### DATA IN THIS EXERCISE
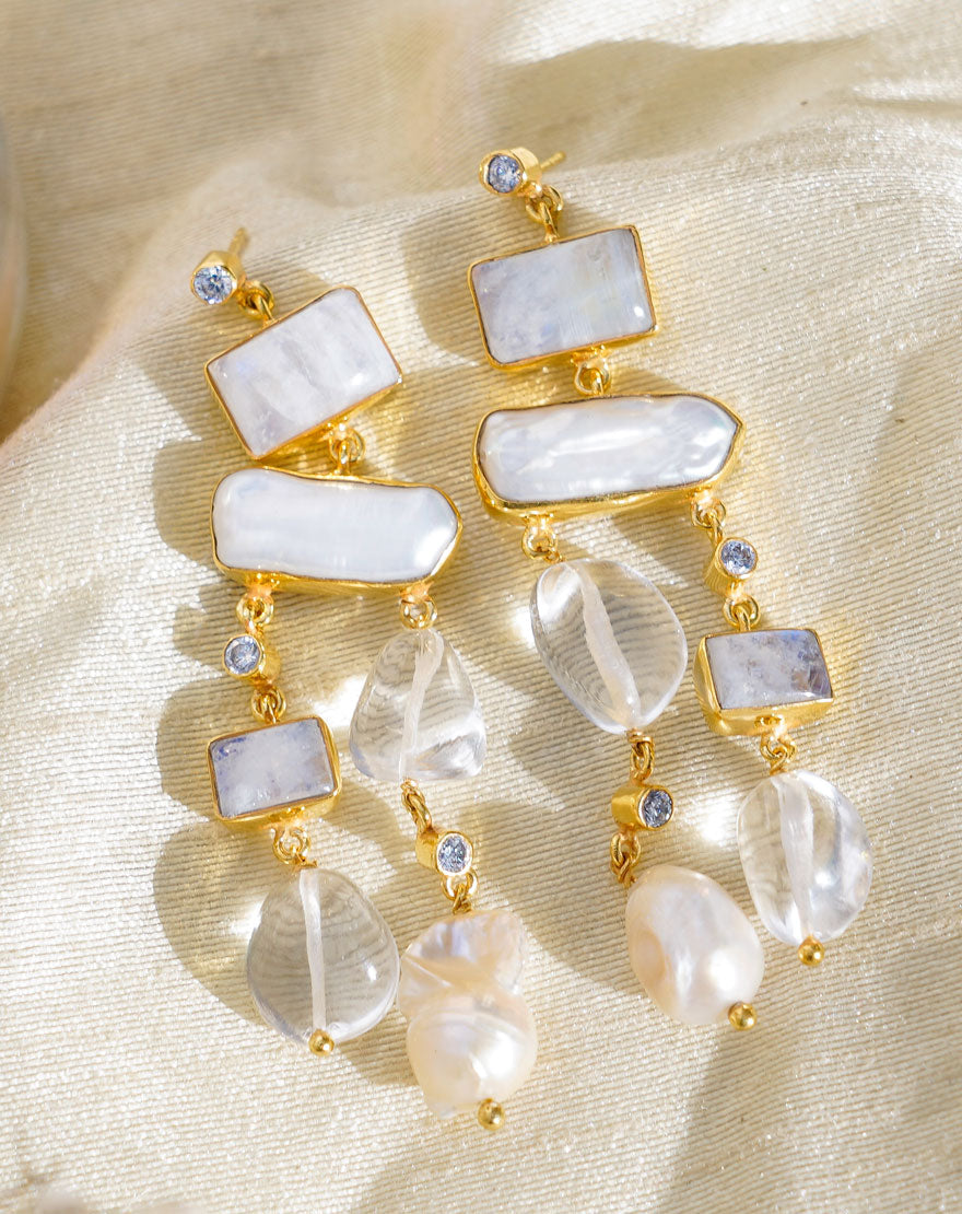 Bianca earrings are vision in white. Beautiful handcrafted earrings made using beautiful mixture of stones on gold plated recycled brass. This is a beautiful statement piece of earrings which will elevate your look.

...

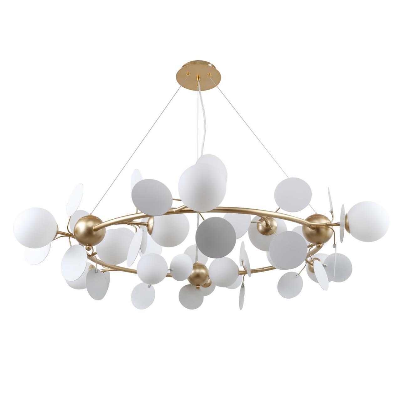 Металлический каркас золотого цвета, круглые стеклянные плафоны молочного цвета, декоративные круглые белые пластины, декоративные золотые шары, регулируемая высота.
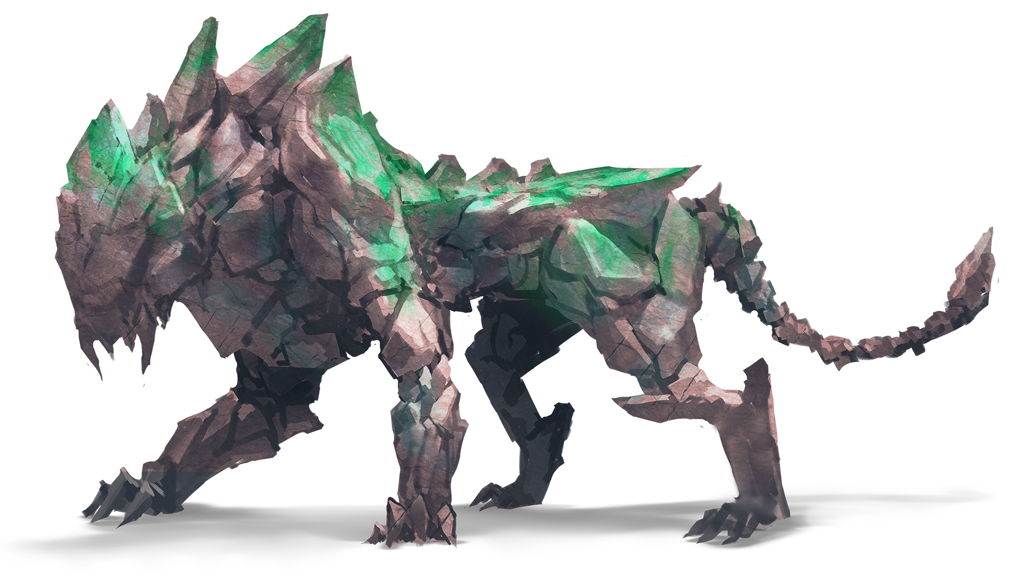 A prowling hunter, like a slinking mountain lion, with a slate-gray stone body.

### THE PROBLEM
Print, exactly and with no pictures, the lines of the listing above starting at the one that has "Металлический каркас золотого" and ending at the one that has "A prowling hunter, like", both included.

### WRITTEN ANSWER
 Металлический каркас золотого цвета, круглые стеклянные плафоны молочного цвета, декоративные круглые белые пластины, декоративные золотые шары, регулируемая высота.
 A prowling hunter, like a slinking mountain lion, with a slate-gray stone body.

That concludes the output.